● **TASK DETAILS**
Repeat the listing exactly. Any picture in it should be left out of the copy.
::::::
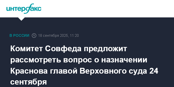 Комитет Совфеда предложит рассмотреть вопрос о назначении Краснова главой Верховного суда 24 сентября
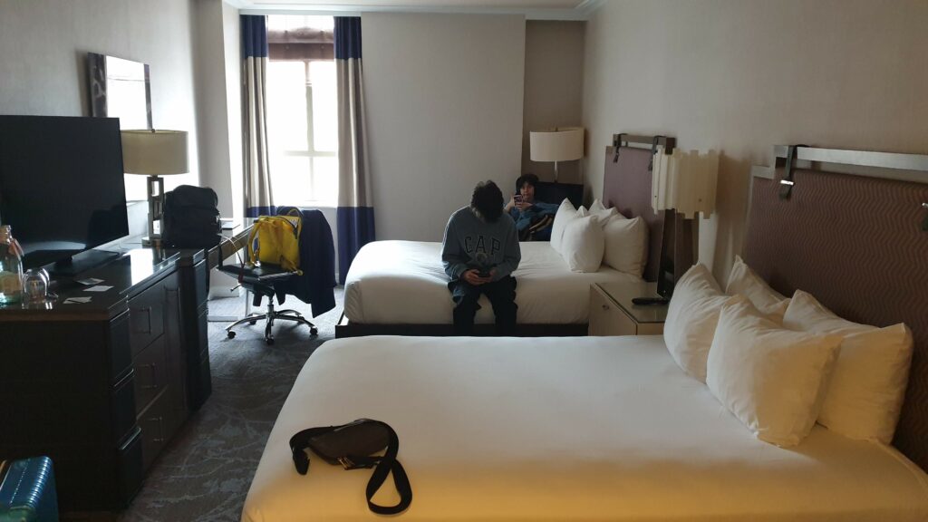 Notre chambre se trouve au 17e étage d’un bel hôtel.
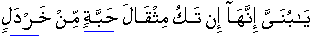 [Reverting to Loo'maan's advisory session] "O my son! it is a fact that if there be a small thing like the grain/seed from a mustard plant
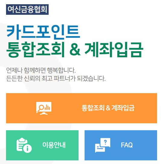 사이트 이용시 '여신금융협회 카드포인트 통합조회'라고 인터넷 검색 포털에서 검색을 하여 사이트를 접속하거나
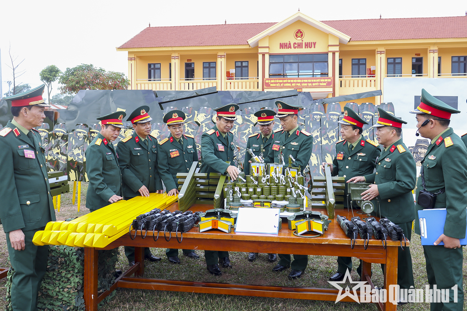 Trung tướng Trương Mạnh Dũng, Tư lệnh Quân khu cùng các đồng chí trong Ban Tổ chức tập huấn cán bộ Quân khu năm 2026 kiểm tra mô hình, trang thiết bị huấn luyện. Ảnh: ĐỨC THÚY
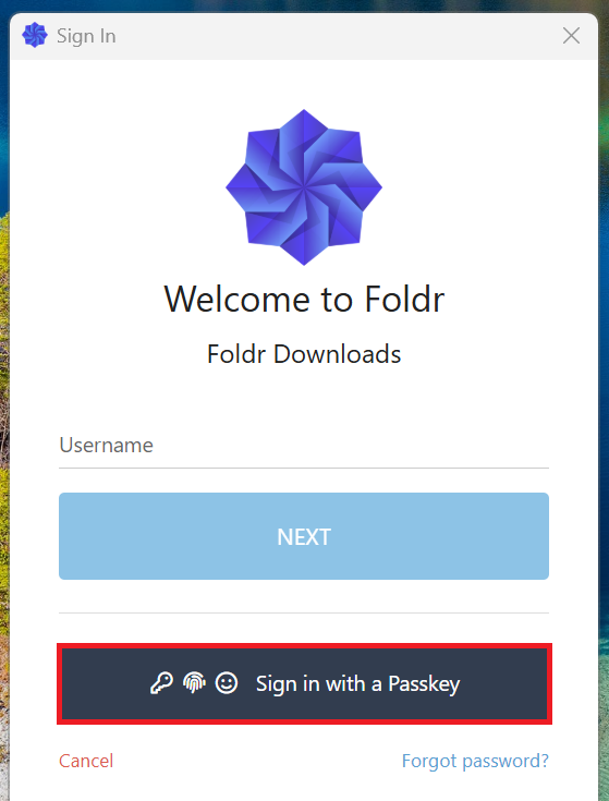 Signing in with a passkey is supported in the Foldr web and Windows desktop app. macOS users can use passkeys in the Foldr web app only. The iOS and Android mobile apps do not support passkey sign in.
::::::
● **SOLUTION BELOW**
 Комитет Совфеда предложит рассмотреть вопрос о назначении Краснова главой Верховного суда 24 сентября
 Notre chambre se trouve au 17e étage d’un bel hôtel.
 [Reverting to Loo'maan's advisory session] "O my son! it is a fact that if there be a small thing like the grain/seed from a mustard plant
 사이트 이용시 '여신금융협회 카드포인트 통합조회'라고 인터넷 검색 포털에서 검색을 하여 사이트를 접속하거나
 Trung tướng Trương Mạnh Dũng, Tư lệnh Quân khu cùng các đồng chí trong Ban Tổ chức tập huấn cán bộ Quân khu năm 2026 kiểm tra mô hình, trang thiết bị huấn luyện. Ảnh: ĐỨC THÚY
 Signing in with a passkey is supported in the Foldr web and Windows desktop app. macOS users can use passkeys in the Foldr web app only. The iOS and Android mobile apps do not support passkey sign in.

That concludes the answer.